May 2001 TOP TEN SELECT PAPERS

    1   
Anesthesiology 2001 May;94(5):773-81; discussion 5A-6A

Efficacy of a simple intraoperative transfusion algorithm for nonerythrocyte
component utilization after cardiopulmonary bypass.

Nuttall GA, Oliver WC, Santrach PJ, Bryant S, Dearani JA, Schaff HV, Ereth MH.

Department of Anesthesiology, Mayo Clinic, Rochester, Minnesota 55905, USA.
nuttall.gregory@mayo.edu

BACKGROUND: Abnormal bleeding after cardiopulmonary bypass (CPB) is a common
complication of cardiac surgery, with important health and economic
consequences. Coagulation test-based algorithms may reduce transfusion of
non-erythrocyte allogeneic blood in patients with abnormal bleeding.

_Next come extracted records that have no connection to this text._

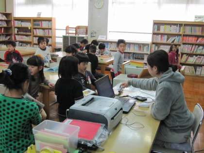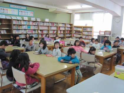 中を見ると,1年2組の子ども達が,本の借り換えをしようと図書室に入っていました。
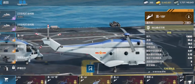 武器的配置也是一个主要的亮点,一号和二号槽位都是攻击机,因此就会具备一种和复仇女神一样的能力。自卫能力还是很不错的,会有4个直升机,一轮鱼雷就可以解决绝大部分的潜艇。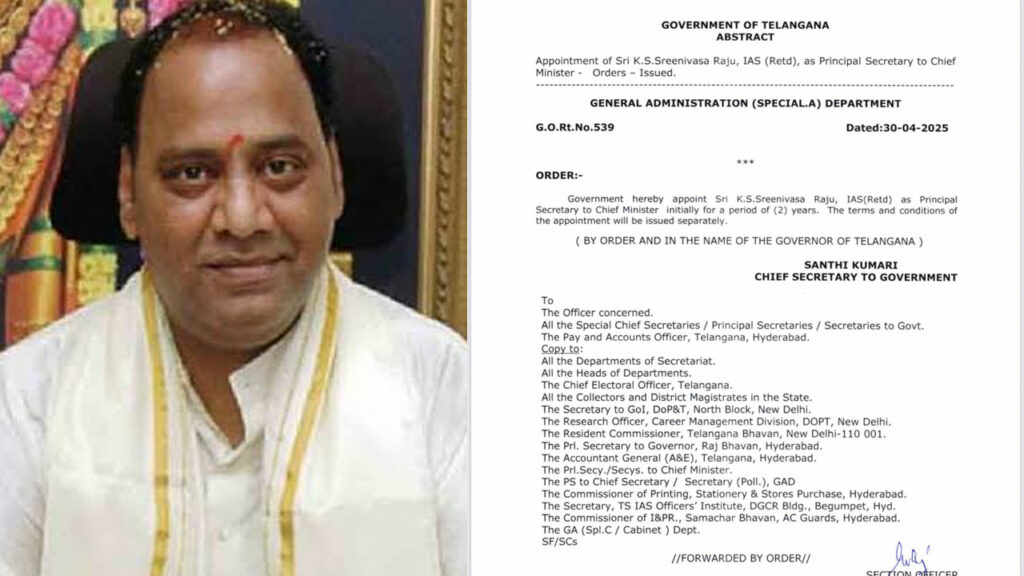 విధాత: సీఎం రేవంత్ రెడ్డి ప్రిన్సిపల్ సెక్రటరీగా రిటైర్డ్ ఐఏఎస్ కేఎస్. శ్రీనివాసరాజు నియామితులయ్యారు. ప్రస్తుతం తెలంగాణ ప్రభుత్వ సలహాదారుగా ఉన్న ఆయన మౌలిక వసతులు, ప్రాజెక్టుల సలహాదారుగా విధులు నిర్వహిస్తున్నారు. గత ఏడాది జూలై 1న ఆయన ఆ పదవిలో నియమించబడ్డారు. ప్రస్తుతం ముఖ్యమంత్రికి ప్రిన్సిపల్ సెక్రటరీగా పనిచేస్తున్న సీనియర్ ఐఎఫ్ఎస్ అధికారి చంద్రశేఖర్ రెడ్డి రాష్ట్ర ప్రధాన సమాచార కమిషనర్గా నియమితులయ్యారు. ఆయన స్థానంలో శ్రీనివాసరాజు బాధ్యతలు నిర్వహించనున్నారు.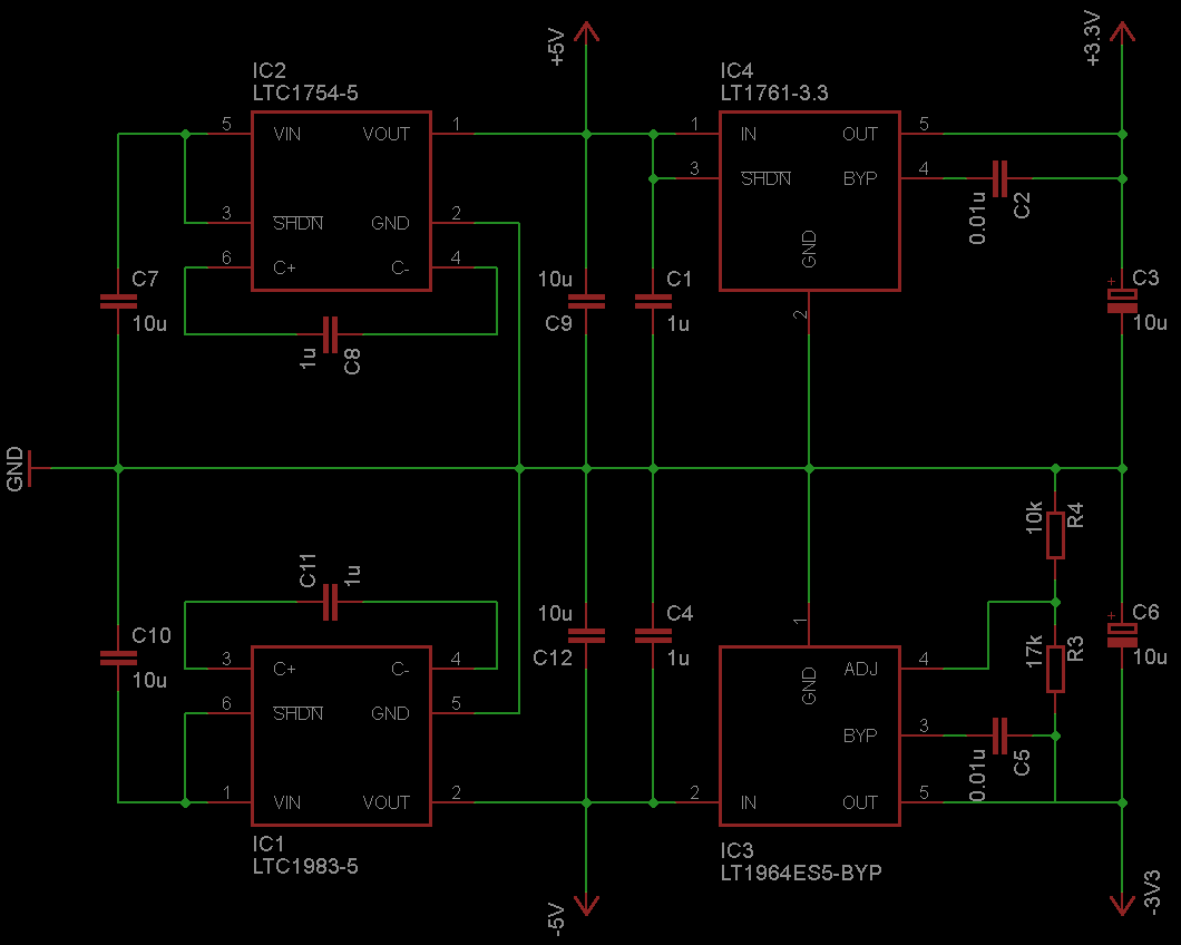 so, nochmal Danke für die Anregungen. Ich hab mir mittlerweile auch mal ein paar Schaltregler und Ladungspumpen angeschaut. Wäre es möglich, z.B. mit einem Step-Up-Wandler (am liebsten Ladungspumpe, weil keine Induktivitäten) von 2.4 oder 4.8V (ich weiß, jetzt sind es plötzlich nich mehr 12V, aber der zu verwendende Akku is eben noch nich spezifiziert, bin da noch recht frei) auf 5V zu wandeln und danach mit ner invertierenden Ladungspumpe auf -5V bzw. mit einer geregelten invertierenden Ladungspumpe die -5V erzeugen und dahinter jeweils +/-3.3V Linearregler oder gibts da Einwände? Das zumessende Frequenzband endet übrigens bei ca. 150Hz. Ich denke mit halbwegs vernünftiger Filterung sollten sich da die Schaltfrequenzen eliminieren lassen oder? Als Regler hab ich im Moment die beiden hier im Auge: Für die +5V: LTC1751-5 http://www.linear.com/pc/downloadDocument.do?navId=H0,C1,C1003,C1042,C1032,C1064,P1080,D4173 Für die -5V: LTC1983-5 http://www.linear.com/pc/downloadDocument.do?navId=H0,C1,C1003,C1039,C1133,P1904,D2062 Die LDO für die +/-3.3V werden denk ich die gleichen bleiben, wie oben oder kennt jemand nen festen -3.3V LDO? Ach, eine Frage noch: Kann man die beiden Schaltregler problemlos parallel an die Eingangsspannung legen und die GNDs verbinden oder gibts da Stress? Grüße Robby

METHODS:
The authors performed a randomized prospective trial comparing allogeneic
transfusion practices in 92 adult patients with abnormal bleeding after CPB.
Patients with abnormal bleeding were randomized to one of two groups: a control
group following individual anesthesiologist's transfusion practices and a
protocol group using a transfusion algorithm guided by coagulation tests.
RESULTS: Among 836 eligible patients having all types of elective cardiac
surgery requiring CPB, 92 patients developed abnormal bleeding after CPB
(incidence, 11%). The transfusion algorithm group received less allogeneic fresh
frozen plasma in the operating room after CPB (median, 0 units; range, 0-7
units) than the control group (median, 3 units; range, 0-10 units) (P = 0.0002).
The median number of platelet units transfused in the operating room after CPB
was 4 (range, 0-12) in the algorithm group compared with 6 (range, 0-18) in the
control group (P = 0.0001). Intensive care unit (ICU) mediastinal blood loss was
significantly less in the algorithm group. Multivariate analysis demonstrated
that transfusion algorithm use resulted in reduced ICU blood loss. The control
group also had a significantly greater incidence of surgical reoperation of the
mediastinum for bleeding (11.8% vs. 0%; P = 0.032). CONCLUSIONS: Use of a
coagulation test-based transfusion algorithm in cardiac surgery patients with
abnormal bleeding after CPB reduced non-erythrocyte allogeneic transfusions in
the operating room and ICU blood loss.
    2   
Anesthesiology 2001 May;94(5):745-53; discussion 5A

Tissue injury and the inflammatory response to pediatric cardiac surgery with
cardiopulmonary bypass: a descriptive study.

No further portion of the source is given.